The Donegal cottage that was the setting for Brian Friel’s Dancing at Lughnasa is to be preserved and will form eventually the centrepiece of a planned Brian Friel Centre, in honour of the playwright who died last year.
The cottage has been bought by Joe Mulholland, the former RTÉ executive and director of the MacGill Summer School, working with Francis Brennan, a Glenties estate agent and long-time admirer of Friel’s work.
The Irish Times reports that ownership of the property is to be vested in a Brian Friel Trust which Mulholland is setting up and on which both men will sit.

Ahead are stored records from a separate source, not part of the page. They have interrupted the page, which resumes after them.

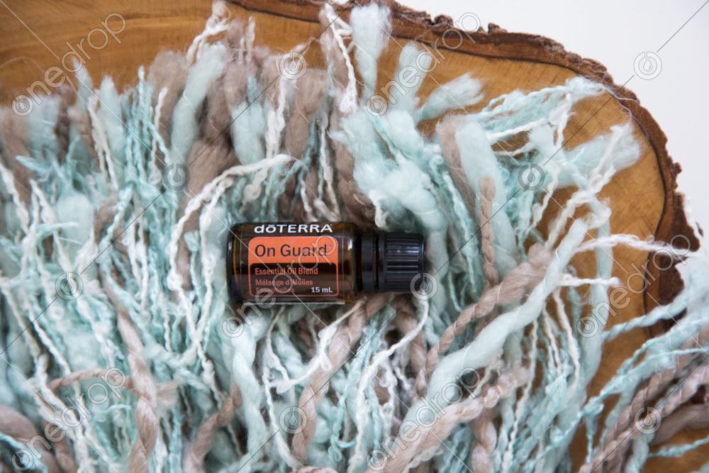 15 ml On Guard bottle on blue and brown blanket and in a wooden bowl.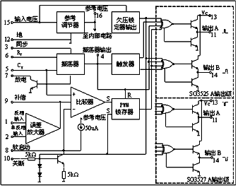 SG3525是美国通用公司的产品,如图2所示,内部电路主要由基准电源、振荡器、误差放大器、PWM比较器与锁存器、分相器、欠电压锁定、输出级、软启动以及关断电路等组成?;嫉缭词且桓龅湫偷娜宋妊蛊鳎瓤纱?,采用了温度补偿。作为内部电路的供电电源,并可向外输出40mA电流。振荡器由一个双门限比较器,一个恒流源及电容充放电电路组成,在芯片外部由5脚对地接一电容器,6脚对地接一电阻,5脚和7脚之间外接电阻即可构成该振荡器。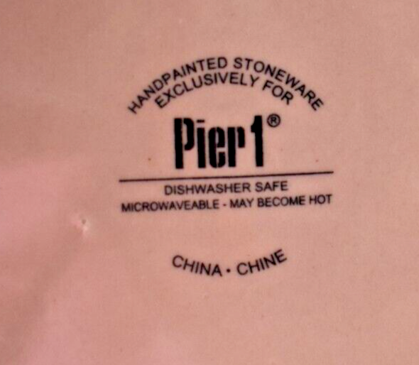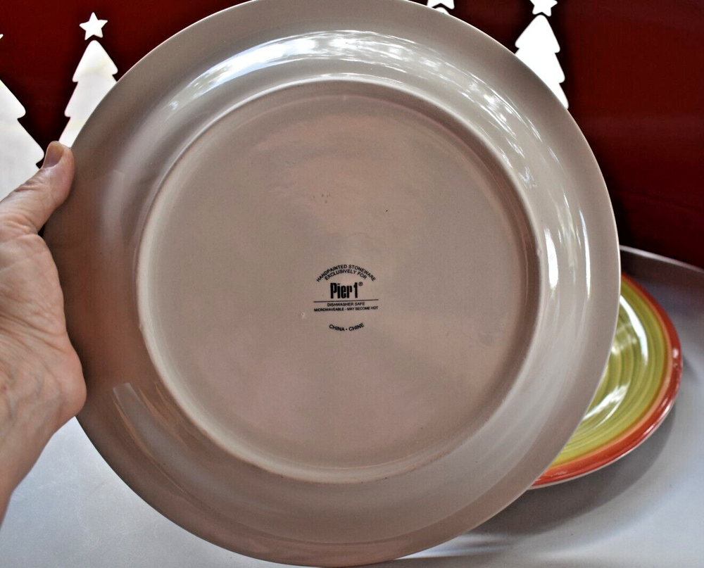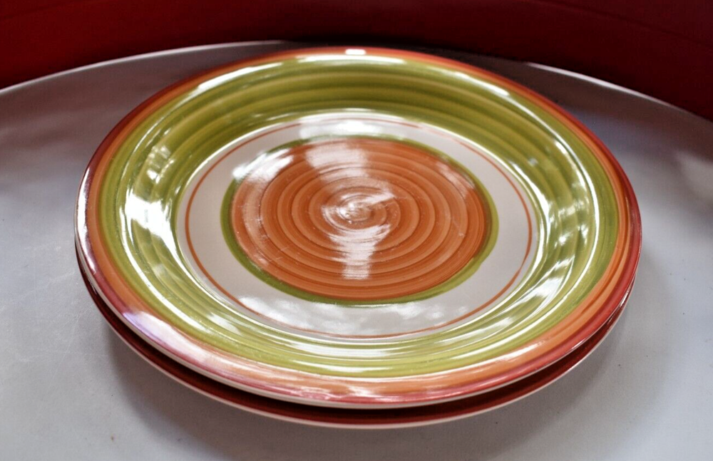 Add a touch of Mediterranean and Tuscan style to your dining table with this two-piece set of Pier 1 VALENCIA dinner plates. The plates measure 10 5/8 inches in diameter and feature a beautiful hand-painted design of rust, green, and peach swirls, with a smooth finish and no trim. These original stoneware plates were manufactured in China in the late 20th century using the pottery production technique and are part of the Pier 1 Imports product line. In addition to being decorative, these plates are also practical with features like being microwave and dishwasher safe. They are perfect for all occasions and will add a touch of elegance to any dining experience. Don't miss out on the opportunity to own these stunning plates that are sure to impress your guests.

The other members are RTÉ chairwoman Moya Doherty; Orlaith McBride, director of the Arts Council; Noel Pearson, theatre and film producer; Tom Kilroy, playwright; Mary Finan, public relations executive and Gate Theatre board member, Joe Dowling, theatre director; Michael McDowell, barrister and former politician, Séamus Neely, chief executive of Donegal County Council; and Mary Friel Bateman, one of Brian Friel’s daughters.
Funds to buy the property (for a five-figure sum) were provided by a donor who wishes to remain anonymous.
The cottage was the home of Brian Friel’s grandfather, Barney McLoone, and his wife Sarah. It was originally railway property and Barney worked at the nearby station in Glenties.
The couple had 10 children, including five girls, one of whom, Chris, married Paddy Friel. They were the playwright’s parents.
The five McLoone sisters were immortalised by Brian Friel in Dancing at Lughnasa as the Mundy sisters of fictional village, Ballybeg.